This guide explains how to deploy Proxus on Kubernetes for a high availability production topology. Use it when Docker Compose is no longer enough for your availability, update, and operations requirements.
The manifests can be tested on a local Kubernetes environment, but a real HA production deployment requires a multi-node Kubernetes cluster, reliable persistent storage, monitoring, and a backup policy. A single-node cluster can prove the topology, but it cannot survive node failure.
What This Deployment Provides
The HA deployment separates Proxus into a data layer and an application layer:
| Layer | Component | HA behavior |
|---|---|---|
| Data | PostgreSQL | 3-instance cluster with one read-write endpoint and automatic failover |
| Data | ClickHouse Keeper | 3-pod coordination quorum |
| Data | ClickHouse | 1 shard with 2 replicas for replicated telemetry storage |
| Messaging | NATS JetStream | 3-node message hub with three-replica streams |
| Application | Proxus UI | 2 replicas spread across nodes behind a Kubernetes Service |
| Edge | Proxus Gateway | 1 pod per GatewayID, restarted by Kubernetes if it fails |
| Operations | Pod Disruption Budgets | Drain protection on NATS and UI |
| Operations | Prometheus metrics | NATS exporter sidecar on every NATS pod |
| Operations | Kubernetes Secrets | NATS and PostgreSQL credentials kept out of plaintext manifests |
Gateways are singleton workloads.
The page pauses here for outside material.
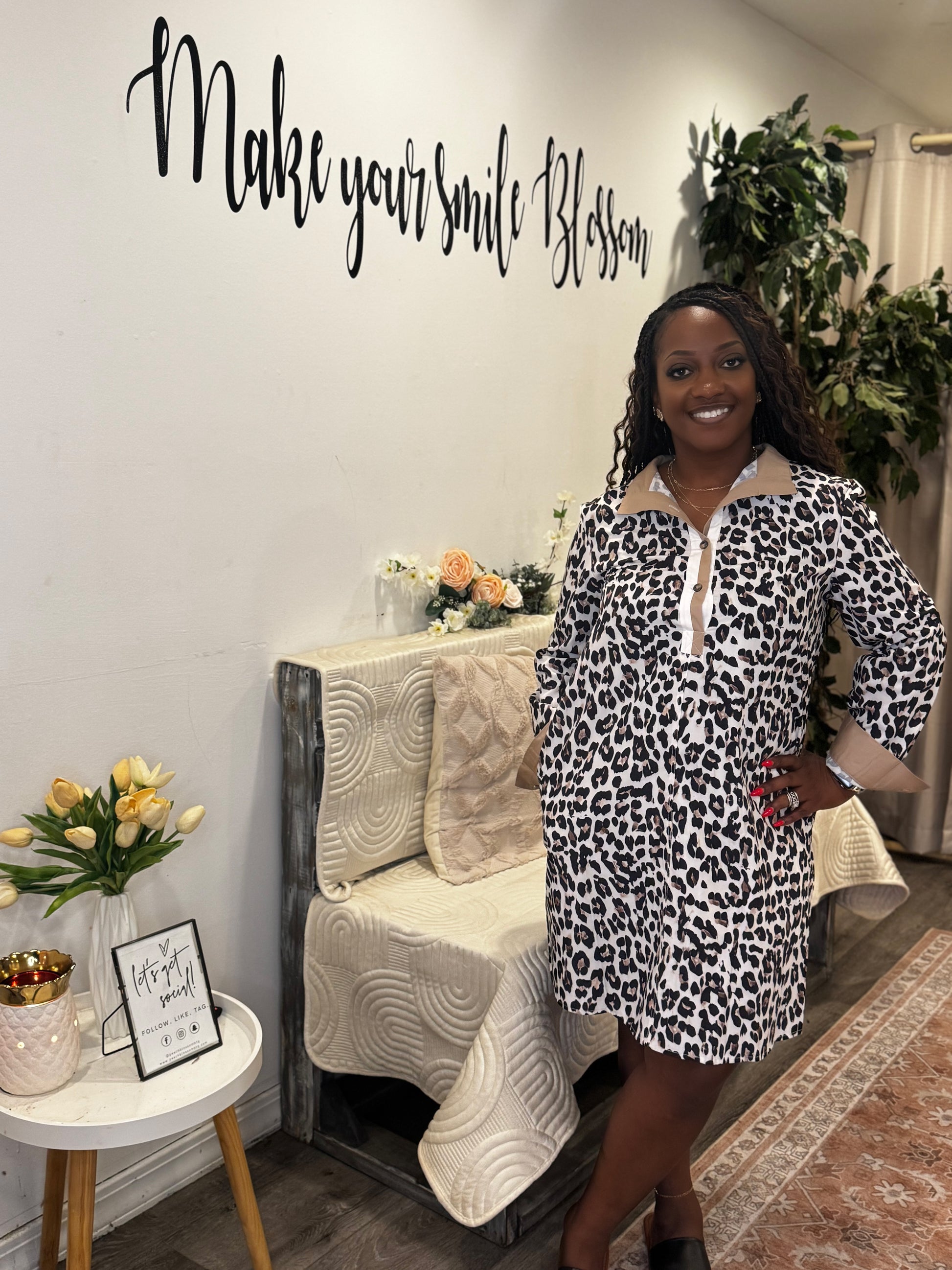 SUMMER DRESSES/FLORAL/PASTEL/SUNDRESS Stand out in style with our leopard print dress, featuring a vibrant mix of colors and patterns that create a unique and eye-catching look. This dress boasts a chic collar and buttons the front, adding a touch of sophistication to the playful leopard print and patchwork design. The flowy silhouette of this mini dress offers a comfortable and flattering fit, perfect for both casual outings and special occasions. Embrace the trend of long sleeves with this versatile piece that can be easily styled up or down to suit your individual fashion sense.

Do not increase replicas for the same GatewayID. To add capacity for separate sites or lines, create another gateway deployment with a different GatewayID.
Quick HA Deploy
You need a Kubernetes cluster, a default StorageClass, kubectl access, permission to install operators, a Proxus license, and access to the Proxus container images used by your release.
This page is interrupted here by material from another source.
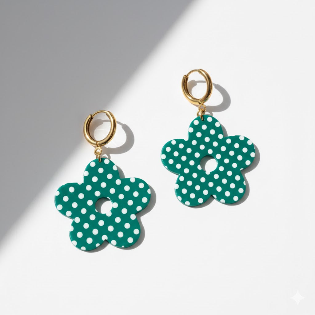 Zaya es una pieza divertida y con mucha personalidad. Estos pendientes de aro combinan una flor verde con lunares blancos que aporta un toque retro irresistible. Son ligeros, cómodos y perfectos para elevar cualquier look con un guiño fresco y diferente.

The full HA package brings up:
- 3 PostgreSQL instances managed by CloudNativePG
- 3 ClickHouse Keeper pods with a 2-replica ClickHouse cluster
- 3 NATS pods running JetStream with three-replica streams
- 2 Proxus UI pods behind a sticky-session ingress
- 1 Proxus Gateway pod
- Pod Disruption Budgets, Prometheus metrics, and credential Secrets
The package ships with default credentials in two Kubernetes Secrets (nats-credentials, postgres-credentials). Use the Quick Deploy below to get a working cluster in minutes, then change those defaults before exposing the environment to anyone outside your team. See Security and Secrets for the rotation procedure.
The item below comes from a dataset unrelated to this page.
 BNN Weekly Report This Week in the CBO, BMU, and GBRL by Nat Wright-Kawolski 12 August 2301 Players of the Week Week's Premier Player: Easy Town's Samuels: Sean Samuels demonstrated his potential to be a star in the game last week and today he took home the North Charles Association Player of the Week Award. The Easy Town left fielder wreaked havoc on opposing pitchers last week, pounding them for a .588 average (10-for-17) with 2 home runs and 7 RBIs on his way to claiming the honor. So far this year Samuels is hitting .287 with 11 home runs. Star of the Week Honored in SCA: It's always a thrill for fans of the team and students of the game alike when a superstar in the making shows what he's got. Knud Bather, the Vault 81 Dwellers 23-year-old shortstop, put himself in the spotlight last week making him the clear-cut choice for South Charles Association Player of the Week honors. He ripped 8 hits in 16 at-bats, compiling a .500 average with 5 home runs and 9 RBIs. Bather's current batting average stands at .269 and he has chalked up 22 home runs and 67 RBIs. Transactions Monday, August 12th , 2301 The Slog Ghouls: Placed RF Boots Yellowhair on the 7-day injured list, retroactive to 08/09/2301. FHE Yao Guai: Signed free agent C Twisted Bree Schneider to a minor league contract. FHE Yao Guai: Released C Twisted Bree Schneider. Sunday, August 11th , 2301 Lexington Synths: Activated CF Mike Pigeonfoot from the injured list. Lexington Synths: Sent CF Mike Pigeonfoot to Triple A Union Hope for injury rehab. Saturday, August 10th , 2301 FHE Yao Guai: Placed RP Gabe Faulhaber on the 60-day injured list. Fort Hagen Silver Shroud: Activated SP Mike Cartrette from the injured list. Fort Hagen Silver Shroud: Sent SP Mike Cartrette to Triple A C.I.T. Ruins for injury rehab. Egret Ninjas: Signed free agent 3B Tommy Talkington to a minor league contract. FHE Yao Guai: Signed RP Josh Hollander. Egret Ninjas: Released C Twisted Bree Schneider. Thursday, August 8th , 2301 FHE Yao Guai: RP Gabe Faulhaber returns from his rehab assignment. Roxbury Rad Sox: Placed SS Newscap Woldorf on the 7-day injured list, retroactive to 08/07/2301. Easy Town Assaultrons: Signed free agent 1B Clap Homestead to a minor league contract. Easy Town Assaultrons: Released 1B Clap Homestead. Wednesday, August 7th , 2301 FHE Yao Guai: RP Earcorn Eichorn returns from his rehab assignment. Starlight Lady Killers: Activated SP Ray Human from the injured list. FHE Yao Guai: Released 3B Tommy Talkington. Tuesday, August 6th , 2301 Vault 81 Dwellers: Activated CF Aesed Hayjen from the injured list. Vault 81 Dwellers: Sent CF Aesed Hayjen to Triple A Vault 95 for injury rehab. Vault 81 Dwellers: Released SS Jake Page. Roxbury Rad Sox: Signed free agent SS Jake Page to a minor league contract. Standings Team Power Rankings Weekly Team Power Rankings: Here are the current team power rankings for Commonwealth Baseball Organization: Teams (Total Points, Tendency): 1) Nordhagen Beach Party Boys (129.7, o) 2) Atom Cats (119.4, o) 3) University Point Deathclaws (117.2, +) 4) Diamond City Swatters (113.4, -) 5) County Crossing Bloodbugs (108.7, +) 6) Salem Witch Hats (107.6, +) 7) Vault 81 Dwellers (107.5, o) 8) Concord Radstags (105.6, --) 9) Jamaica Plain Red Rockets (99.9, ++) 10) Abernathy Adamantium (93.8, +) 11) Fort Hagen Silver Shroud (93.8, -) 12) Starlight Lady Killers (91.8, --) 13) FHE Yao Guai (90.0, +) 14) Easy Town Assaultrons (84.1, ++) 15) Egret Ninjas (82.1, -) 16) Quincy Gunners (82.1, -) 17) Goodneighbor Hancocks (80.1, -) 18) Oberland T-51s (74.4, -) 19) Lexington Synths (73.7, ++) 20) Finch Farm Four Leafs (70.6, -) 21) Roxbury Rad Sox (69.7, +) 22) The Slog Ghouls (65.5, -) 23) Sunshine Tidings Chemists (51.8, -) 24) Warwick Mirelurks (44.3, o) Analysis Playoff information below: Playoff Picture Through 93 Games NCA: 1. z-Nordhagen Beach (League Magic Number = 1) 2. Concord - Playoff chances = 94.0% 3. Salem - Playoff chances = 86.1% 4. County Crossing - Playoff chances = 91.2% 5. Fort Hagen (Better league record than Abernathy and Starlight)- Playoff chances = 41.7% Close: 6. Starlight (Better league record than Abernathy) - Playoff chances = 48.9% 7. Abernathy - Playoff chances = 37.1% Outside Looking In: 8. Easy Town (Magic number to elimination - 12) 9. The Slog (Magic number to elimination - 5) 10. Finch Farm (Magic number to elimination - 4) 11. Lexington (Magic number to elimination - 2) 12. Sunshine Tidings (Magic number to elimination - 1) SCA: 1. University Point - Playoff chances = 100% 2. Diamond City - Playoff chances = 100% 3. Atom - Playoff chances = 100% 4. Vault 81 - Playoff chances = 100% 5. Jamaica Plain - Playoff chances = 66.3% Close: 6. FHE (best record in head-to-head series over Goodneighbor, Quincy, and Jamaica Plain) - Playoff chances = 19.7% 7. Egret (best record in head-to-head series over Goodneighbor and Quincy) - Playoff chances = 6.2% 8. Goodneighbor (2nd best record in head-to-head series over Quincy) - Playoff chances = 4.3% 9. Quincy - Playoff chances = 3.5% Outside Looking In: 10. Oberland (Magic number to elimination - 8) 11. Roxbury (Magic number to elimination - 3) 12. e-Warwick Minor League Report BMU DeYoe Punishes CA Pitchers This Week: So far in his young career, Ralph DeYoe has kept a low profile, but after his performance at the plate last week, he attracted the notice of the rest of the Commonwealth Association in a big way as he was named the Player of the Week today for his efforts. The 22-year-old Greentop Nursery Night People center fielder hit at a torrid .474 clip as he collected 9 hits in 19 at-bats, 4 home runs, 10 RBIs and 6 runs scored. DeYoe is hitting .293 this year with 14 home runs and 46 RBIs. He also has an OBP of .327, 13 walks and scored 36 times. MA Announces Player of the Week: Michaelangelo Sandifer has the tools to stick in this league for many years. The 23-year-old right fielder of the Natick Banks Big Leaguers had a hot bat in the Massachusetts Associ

Run the full HA deployment:
mkdir -p proxus-kubernetes-ha
cd proxus-kubernetes-ha
curl -L https://proxus.io/deployment/kubernetes-ha/proxus-kubernetes-ha.tar.gz | tar xz
kubectl apply --server-side -f https://raw.githubusercontent.com/cloudnative-pg/cloudnative-pg/release-1.29/releases/cnpg-1.29.0.yaml
kubectl -n cnpg-system rollout status deployment/cnpg-controller-manager --timeout=300s
curl -s https://raw.githubusercontent.com/Altinity/clickhouse-operator/master/deploy/operator-web-installer/clickhouse-operator-install.sh | OPERATOR_NAMESPACE=clickhouse bash
kubectl -n clickhouse rollout status deployment/clickhouse-operator --timeout=300s
kubectl apply -k ha-data
kubectl -n proxus-data wait --for=jsonpath='{.status.phase}'='Cluster in healthy state' cluster/postgresql-ha --timeout=600s
kubectl -n clickhouse wait --for=jsonpath='{.status.status}'=Completed chi/clickhouse-ha --timeout=600s
kubectl -n clickhouse wait --for=condition=complete job/clickhouse-bootstrap --timeout=180s
kubectl apply -k ha
kubectl -n proxus-ha rollout status statefulset/hub-server --timeout=300s
kubectl -n proxus-ha rollout status deployment/proxus-ui --timeout=300s
kubectl -n proxus-ha rollout status deployment/proxus-server-gateway-1 --timeout=300s Total time on a healthy cluster is around 5 to 10 minutes, dominated by CloudNativePG bringing up the PostgreSQL primary and the ClickHouse Keeper quorum starting.
Verify the Install
Confirm the cluster came up healthy and that JetStream streams are running with three replicas:
kubectl -n proxus-ha get pods,pdb
kubectl run -n proxus-ha nats-tmp --rm -i --restart=Never --image=natsio/nats-box:0.18.0 -- \
nats --server="nats://acc:acc@hub-server:4222" stream report Every JetStream stream in the report should show R=3. If any stream shows R=1, see Troubleshooting.
First Login
Open http://127.0.0.1:30080/ in your browser. In a remote cluster, replace 127.0.0.1 with a reachable Kubernetes node address or use the included ingress behind your load balancer.
Default login:
- Username:
Admin - Password: leave blank, unless your environment has already changed it
After the first login, activate your Proxus license from the UI. A fresh HA PostgreSQL cluster does not contain license data from an earlier Docker or local test database unless you restored that database.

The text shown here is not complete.